As of https://git.beaker-project.org/cgit/beaker/commit/?id=fa50dca70e604118c25158eeba7abc8ee5084690 we no longer issue this problematic COUNT() query. However the corresponding SELECT query itself, that is: SELECT job.id AS job_id FROM job WHERE job.dirty_version != job.clean_version came up in bug 1097861 as something which might be worth optimizing: https://bugzilla.redhat.com/show_bug.cgi?id=1097861#c36 Here is a patch to switch to the "naive" dirty flag approach: https://gerrit.beaker-project.org/6121 as described in: https://bugzilla.redhat.com/show_bug.cgi?id=1097861#c41 although it is not at all clear to me right now whether this change will make things better or worse overall. It might be worth seeking more data before deciding to merge that patch.
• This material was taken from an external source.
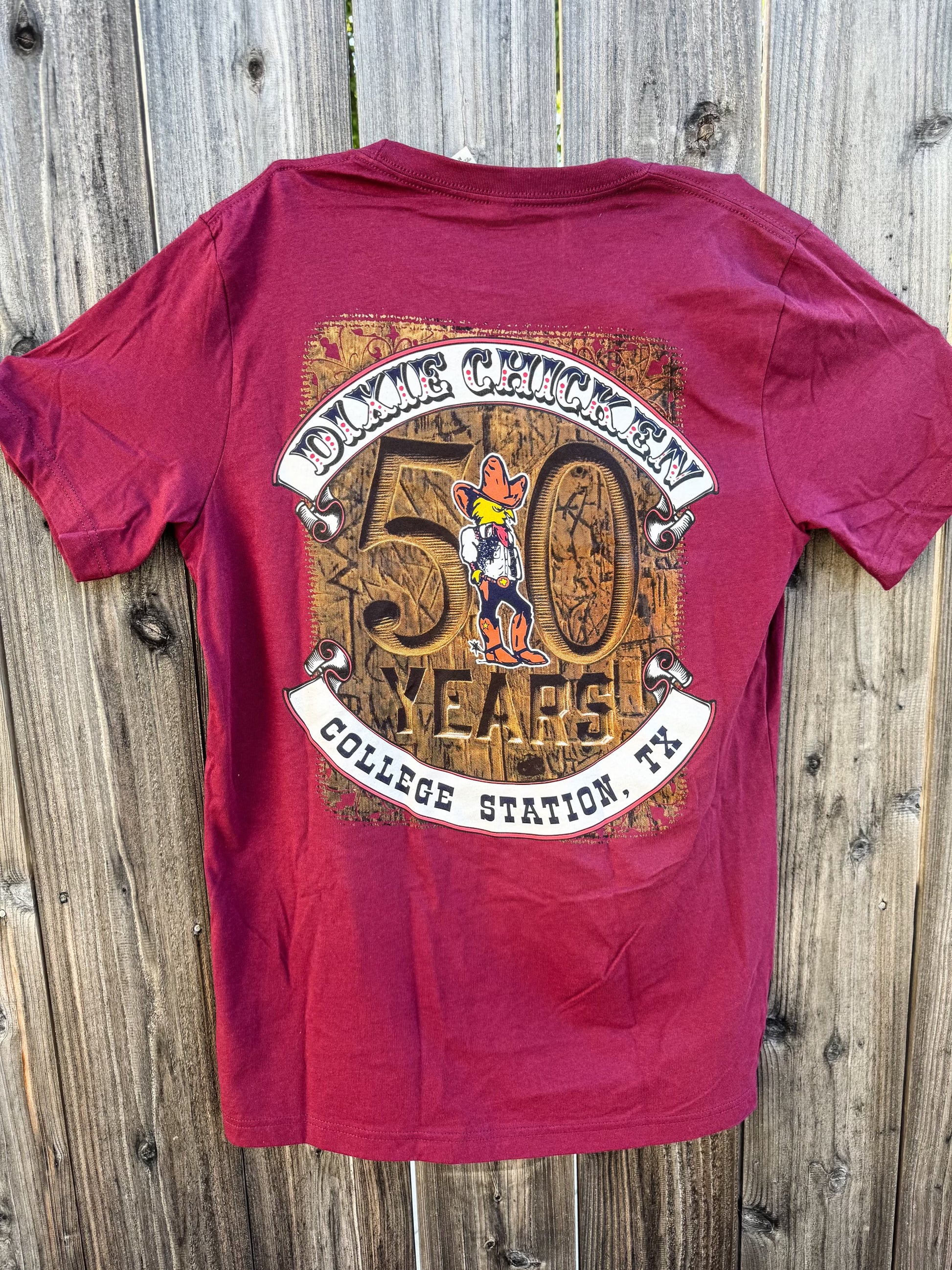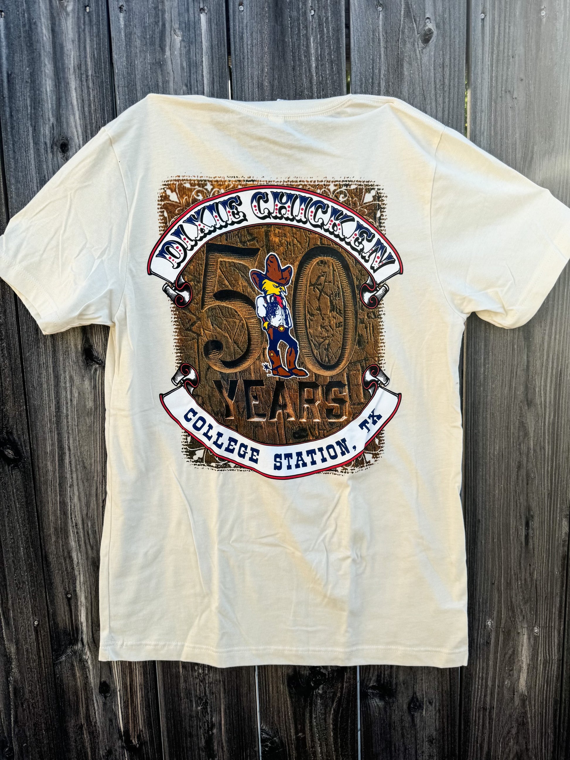 Whether it's good conversations, splitting a pitcher of beer, or playing 42 until Goodnight Irene comes on, all of these moments happen around Dixie Chicken Tables. We made these shirts to celebrate our 50th birthday in hopes of paying tribute to where some of the best Dixie Chicken memories are made.

(In reply to Dan Callaghan from comment #1) > although it is not at all clear to me right now whether this change will > make things better or worse overall. It might be worth seeking more data > before deciding to merge that patch. We don't have any real data proving this approach will be better or worse, and I cannot come up with any ideas how to get it. We don't have any kind of realistic load testing mechanism that would allow us to reproduce production-like load in a production-like environment to compare the behaviour of the two schema design choices. But knowing that: * the current version does occasionally hit the lock wait issues * the proposed version is a simpler schema, without index pollution * the corresponding SELECT query is also simpler, and the EXPLAIN looks nicer ... I think we should assume it *probably* won't be any worse. And thus we should roll it out. If it turns out we are wrong, well... we can always go back to the previous approach by reverting this patch.
Beaker 26.0 has been released.